To be honest, my only regret is that I didn't read this book sooner. Ms. Muckley has a way with words that is in the upper echelons of writing. Her turns of phrase are so accurate and so descriptive-some of the best I've ever read. For example, at the beginning of the book, Ben is facing his peers, ready to announce his discovery. This is what Ms. Muckley writes:

He felt the weight of all great men before him who had stood on the same precipice of achievement, isolated in the solitary moment before the world learns what has been accomplished.

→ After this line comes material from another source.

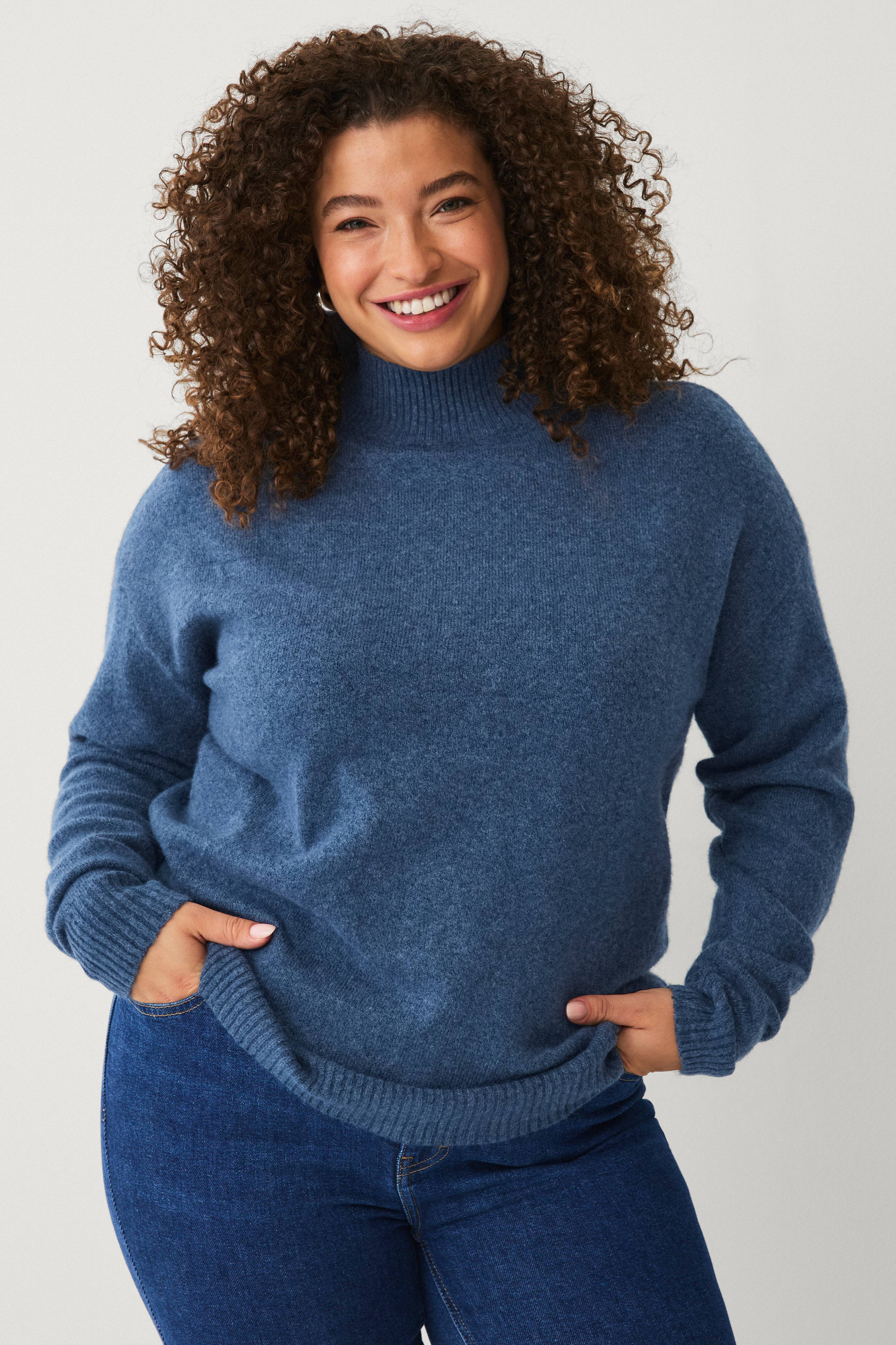 • Plus-koot• Suora, sileästi kudottu malli• Korkea, resorimainen kaulus• Pudotettu olkapää pitkällä hihalla• Ribbineulos alhaalla ja hihansuissa

The book is rife with descriptions of this caliber. Her characters are so real that I could almost hear them breathing. Beautifully crafted, and it has an ending that just cries out for more. It was a total surprise, and, as they say, "therein lies another story".

More, please!

Friday, November 1, 2013

Author Spotlight!! Meet Quanie Miller

Quanie Miller grew up in New Iberia, Louisiana. She fell in love with reading at an early age and spent most of her time at the Iberia Parish Library discovering new authors like R.L. Stine and Christopher Pike (she was often found walking back home from the library with a stack of books that went up to her chin). She holds degrees from Louisiana State University and San Jose State University. She has been the recipient of the James Phelan Literary Award, the Louis King Thore Scholarship, the BEA Student Scriptwriting Award, and the Vicki Hudson Emerging Writing Prize. She loves writing humorous stories about strong willed, sassy women who can’t keep themselves out of trouble. She lives in Charleston, South Carolina with her husband and is currently, as always, working on another novel. 


Read an excerpt of It Ain't Easy Being Jazzy......

My best friend, Serai, invited me to her aunt’s seventy-fifth birthday party because she thought it was a secret ambush by her family that would end with her marrying some guy that they had found on Craigslist. “You have to come, Jazzy,” she begged me. “I think I saw a wedding gown in my mother’s trunk. They’re getting desperate.”
“You’ll find somebody. Besides, you can’t marry just anybody.”
“I don’t think they care anymore. It’s been too long since Chuck and I broke up and they’re starting to wonder about us.”
“Yes. You don’t have a man either.”
“That’s by choice!”
“I told them that even if I were gay, you wouldn’t be my type, but that only made Aunt Cleotha clutch her pearls.”
“Fine, I’ll go. But if the guy from Craigslist is cute, I have first dibs.”